To do: Return each entry below exactly. Skip the images.
========================================================================
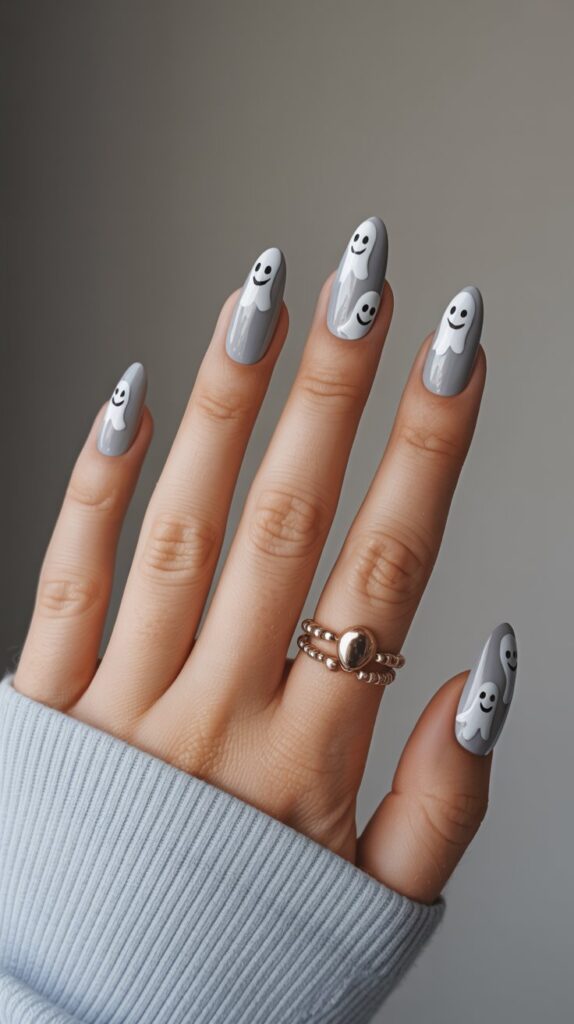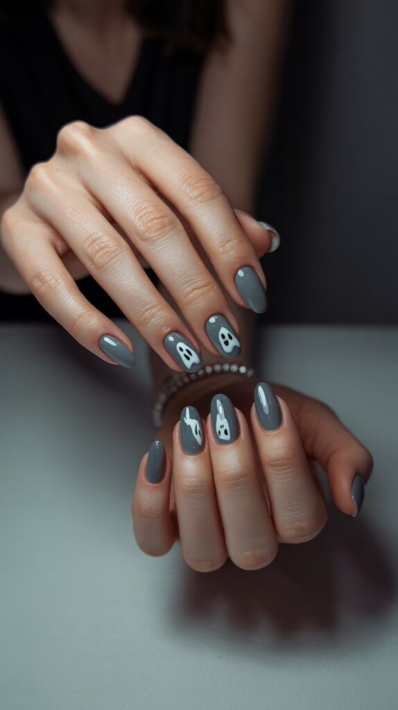Pro move: Use a matte top coat over the grey base to enhance that “foggy” feel, but use a glossy top coat just over the ghosts to make them pop.
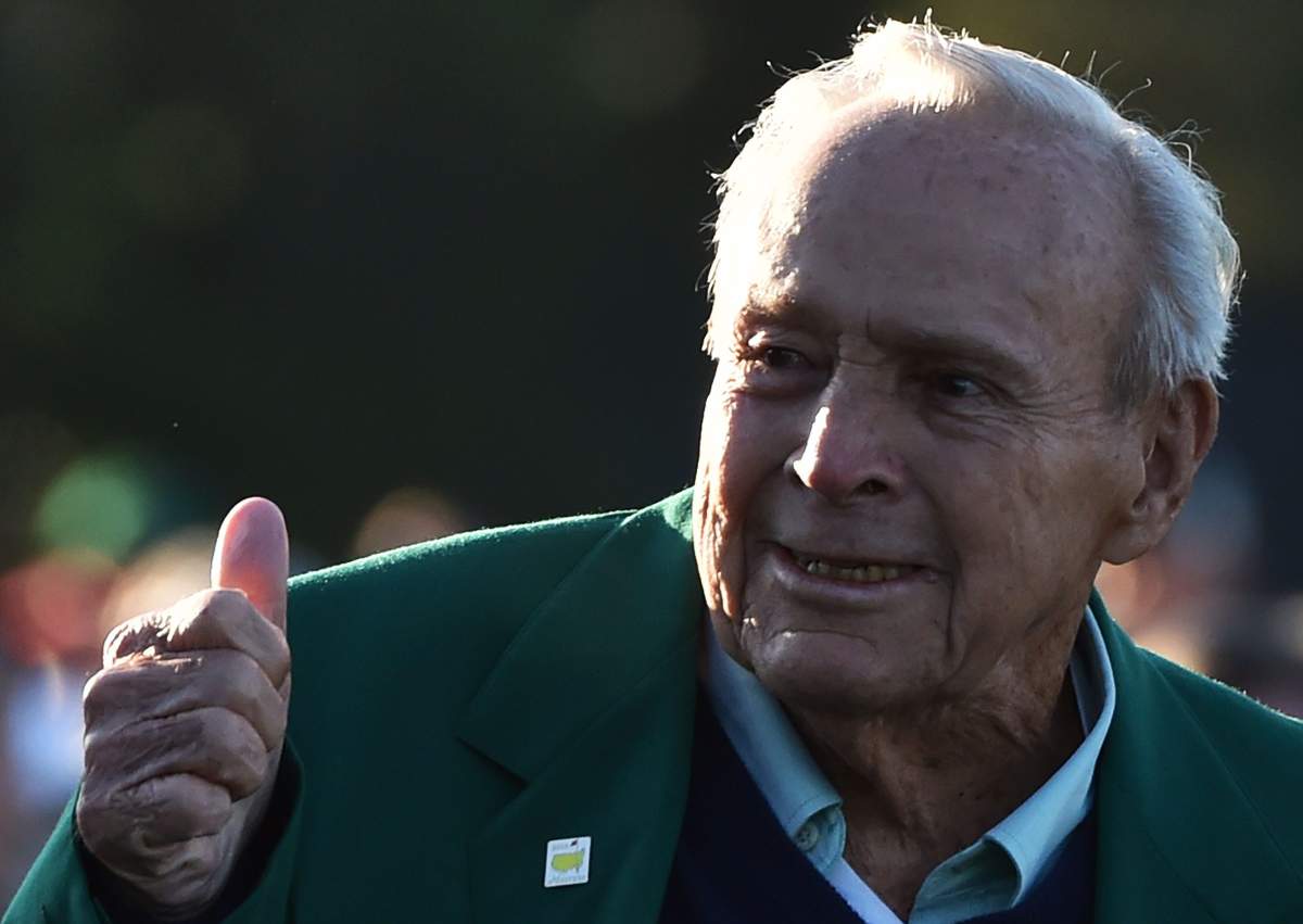 Honorary starter US golfer Arnold Palmer greets fans as he arrives to begin Round 1 of the 80th Masters Golf Tournament at the Augusta National Golf Club on April 7, 2016, in Augusta, Georgia. (Getty)
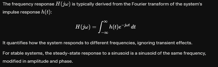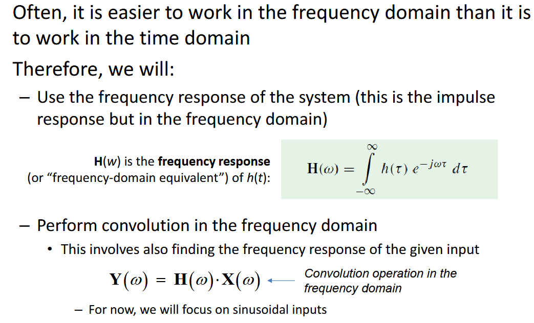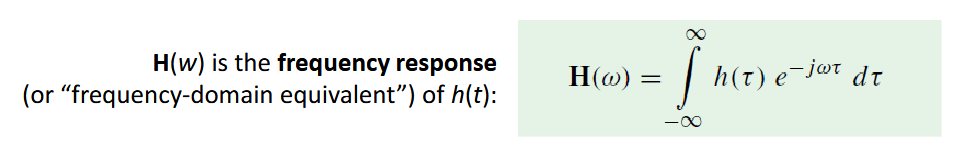 The frequency response is the impulse response but in the frequency domain, denoted as H(ω).
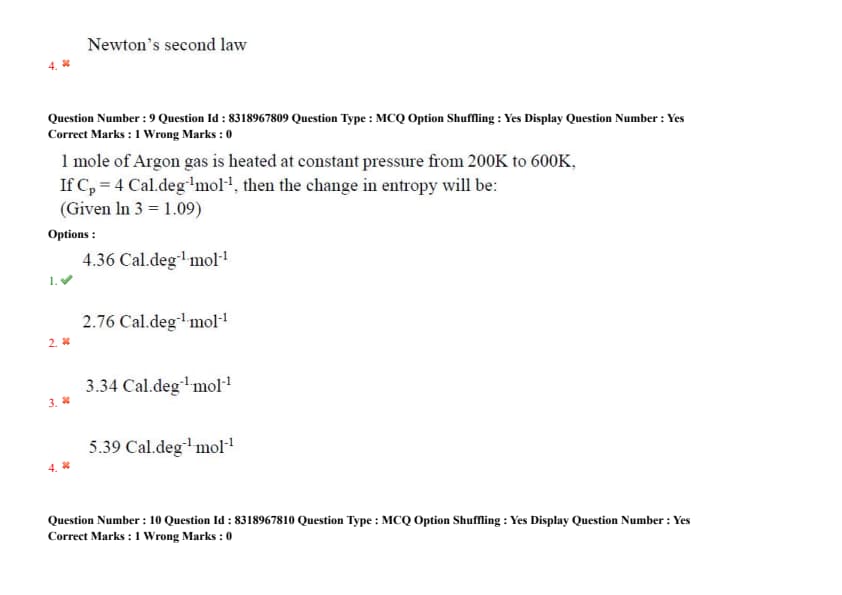 - (4) 5.39 Cal.deg\(^{-1}\)mol\(^{-1}\)
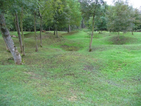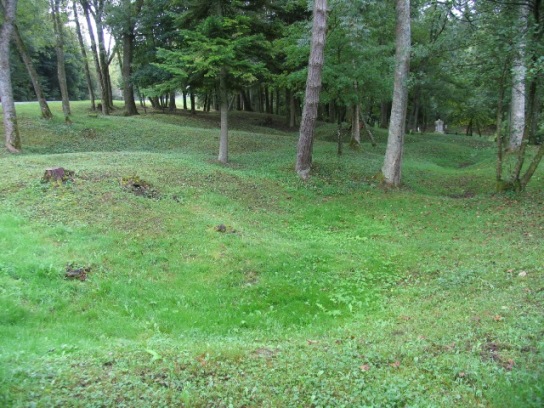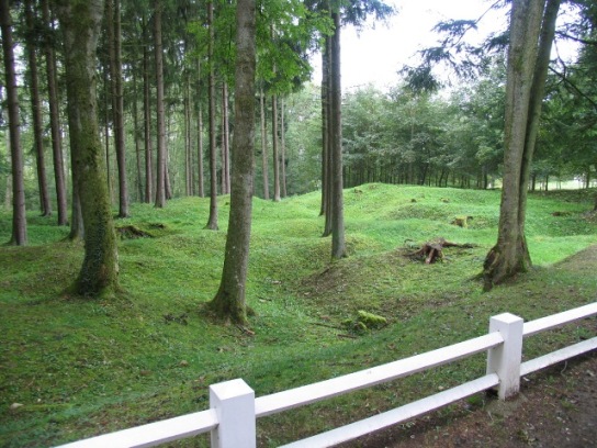 Hier befand sich das ca. 400 Einwohner starke Dorf Fleury, das von der deutschen und französischen Artillerie abwechseln im wörtlichen Sinn pulverisiert wurde, genau so wie weitere 7 Dörfer. Die Hügel sind nicht gewachsener Boden, sondern von den Geschoßen umgepflügt und neu gestaltet. Kein Grashalm, keine Baum oder Busch überlebte das mörderische Trommelfeuer. Die Landser duckten sich in den Granattrichtern und hofften dass nicht ein anderes Geschütz das gleiche mit Wasser vollgelaufene Loch trifft. Die Erdbatzen und Leichenteilen wurden von einem Punkt zum Anderen hin und her geworfen, bis alles nur noch bodenloser stinkender Morast war.
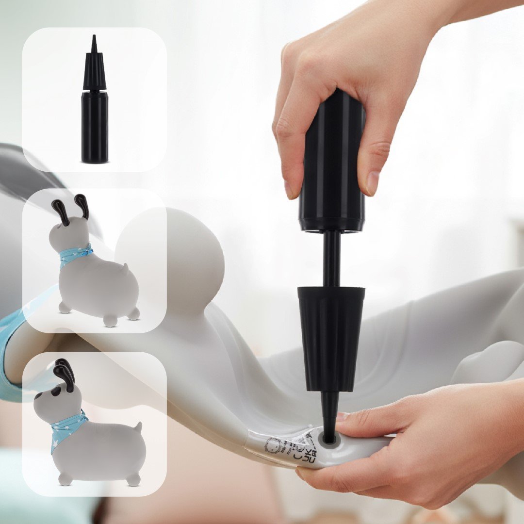Mit der mitgelieferten Pumpe lässt sich der Jumper schnell und einfach aufpumpen. Ein Kunststoffventil schützt die Öffnung an der Unterseite des Spielzeugs.
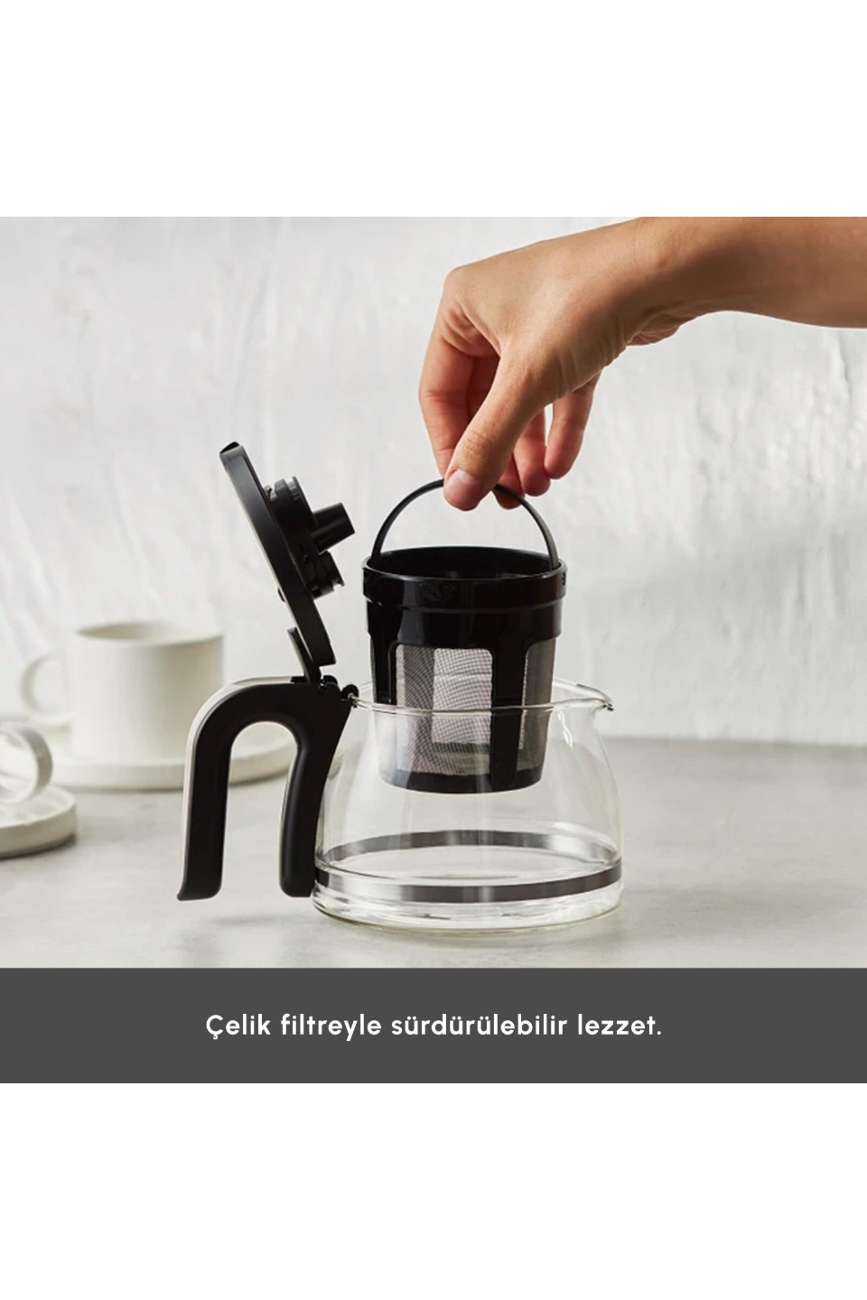 - Cam demliği ve paslanmaz çelik filtresiyle sağlıklı bir kullanım sunarken, çıkarılabilir çay filtresiyle de temizlikte kolaylık sağlar.
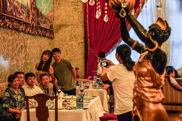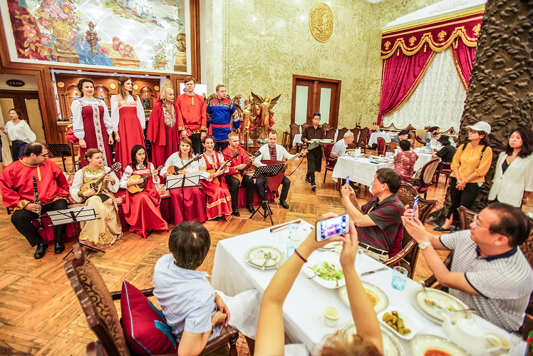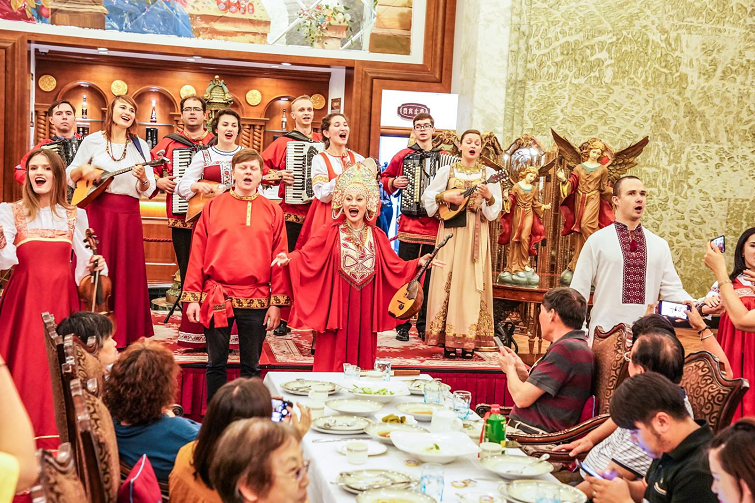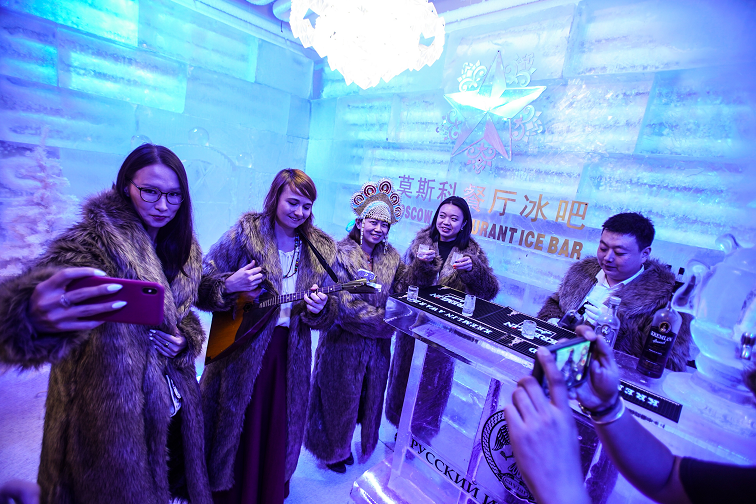 再往前走几步,耳边的摇滚乐变成了悠扬的俄罗斯民谣。婚庆小广场是拍照片的好地方,流光溢彩的灯光照在了俄式建筑的白墙上。虽然是工作日,广场对面的莫斯科餐厅内依然坐满了顾客,奶汁海鲈鱼、土豆沙拉、红菜汤等一道道传统俄式佳肴陈列。“到了周末的夜间常常排号一二百位,一些顾客也会选择到旁边的小莫餐厅用餐。”餐厅服务员说。门口大堂内,面包柜台和冰吧前排起了长队。“来试一试在冰天雪地的环境里,品尝我们最爱的鱼子酱和伏特加?”俄罗斯工作人员微笑地和顾客介绍着,满口流利的中国话。
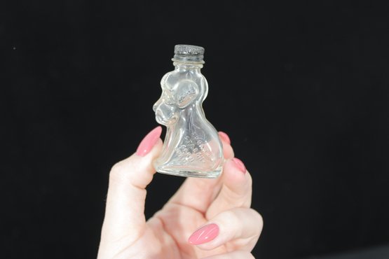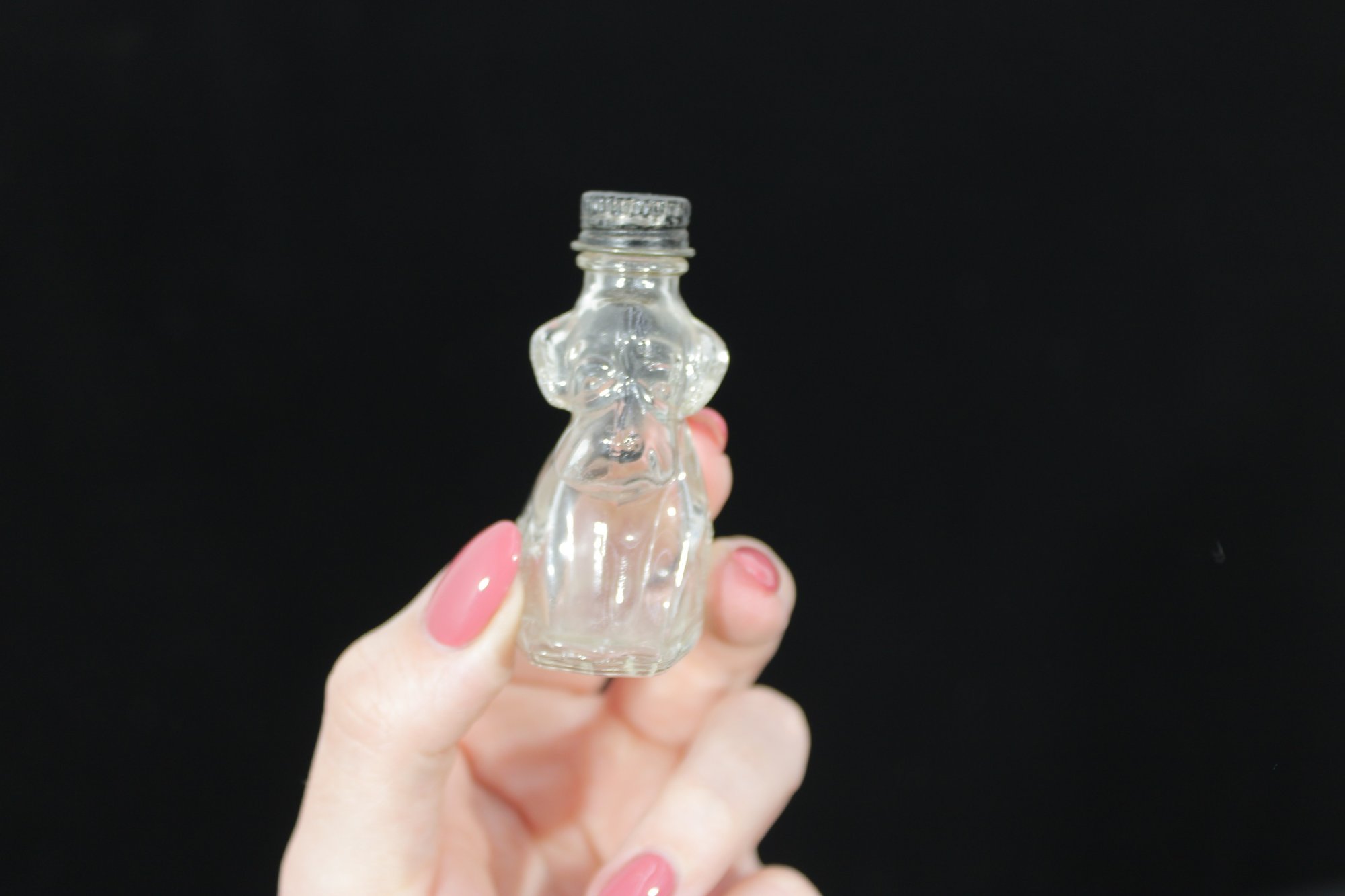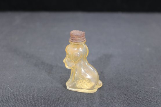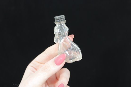 a pair of vintage Hound Pup glass candy containers, dating to 1958. These charming novelty bottles are molded in the shape of a sitting hound dog and were originally used to hold small candies.
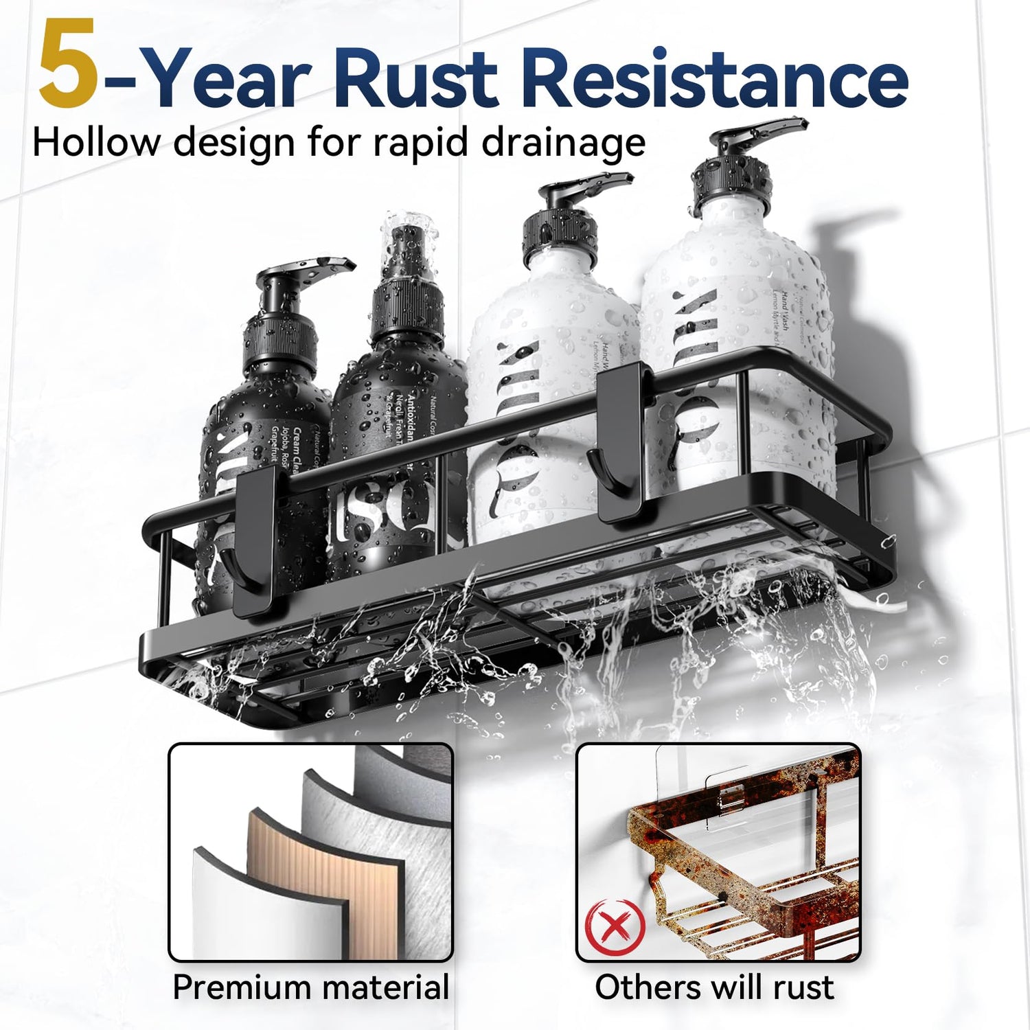 - 【Durable Metal, Hollow Drain Design】The bathroom shower racks are made of high quality metal, high temperature paint process, durable; Passed the 48-hour salt spray test, rust resistant, waterproof, scratch resistant, can accompany you for up to 5 years. Hollow design at the bottom, good ventilation and drainage, convenient cleaning. Keep shelves and bathroom necessities dry
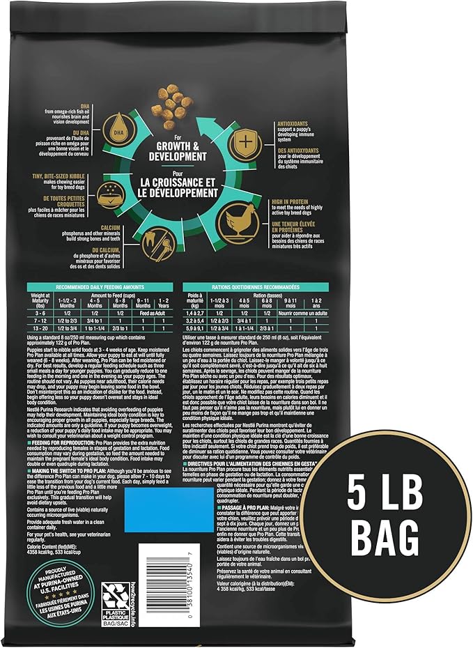 Purina pro plan High Protein Toy Breed Puppy Food DHA Chicken & Rice Formula - 5 lb. Bag
========================================================================
Task solution:
Pro move: Use a matte top coat over the grey base to enhance that “foggy” feel, but use a glossy top coat just over the ghosts to make them pop.
 Honorary starter US golfer Arnold Palmer greets fans as he arrives to begin Round 1 of the 80th Masters Golf Tournament at the Augusta National Golf Club on April 7, 2016, in Augusta, Georgia. (Getty)
 The frequency response is the impulse response but in the frequency domain, denoted as H(ω).
 - (4) 5.39 Cal.deg\(^{-1}\)mol\(^{-1}\)
 Hier befand sich das ca. 400 Einwohner starke Dorf Fleury, das von der deutschen und französischen Artillerie abwechseln im wörtlichen Sinn pulverisiert wurde, genau so wie weitere 7 Dörfer. Die Hügel sind nicht gewachsener Boden, sondern von den Geschoßen umgepflügt und neu gestaltet. Kein Grashalm, keine Baum oder Busch überlebte das mörderische Trommelfeuer. Die Landser duckten sich in den Granattrichtern und hofften dass nicht ein anderes Geschütz das gleiche mit Wasser vollgelaufene Loch trifft. Die Erdbatzen und Leichenteilen wurden von einem Punkt zum Anderen hin und her geworfen, bis alles nur noch bodenloser stinkender Morast war.
Mit der mitgelieferten Pumpe lässt sich der Jumper schnell und einfach aufpumpen. Ein Kunststoffventil schützt die Öffnung an der Unterseite des Spielzeugs.
 - Cam demliği ve paslanmaz çelik filtresiyle sağlıklı bir kullanım sunarken, çıkarılabilir çay filtresiyle de temizlikte kolaylık sağlar.
 再往前走几步,耳边的摇滚乐变成了悠扬的俄罗斯民谣。婚庆小广场是拍照片的好地方,流光溢彩的灯光照在了俄式建筑的白墙上。虽然是工作日,广场对面的莫斯科餐厅内依然坐满了顾客,奶汁海鲈鱼、土豆沙拉、红菜汤等一道道传统俄式佳肴陈列。“到了周末的夜间常常排号一二百位,一些顾客也会选择到旁边的小莫餐厅用餐。”餐厅服务员说。门口大堂内,面包柜台和冰吧前排起了长队。“来试一试在冰天雪地的环境里,品尝我们最爱的鱼子酱和伏特加?”俄罗斯工作人员微笑地和顾客介绍着,满口流利的中国话。
 a pair of vintage Hound Pup glass candy containers, dating to 1958. These charming novelty bottles are molded in the shape of a sitting hound dog and were originally used to hold small candies.
 - 【Durable Metal, Hollow Drain Design】The bathroom shower racks are made of high quality metal, high temperature paint process, durable; Passed the 48-hour salt spray test, rust resistant, waterproof, scratch resistant, can accompany you for up to 5 years. Hollow design at the bottom, good ventilation and drainage, convenient cleaning. Keep shelves and bathroom necessities dry
 Purina pro plan High Protein Toy Breed Puppy Food DHA Chicken & Rice Formula - 5 lb. Bag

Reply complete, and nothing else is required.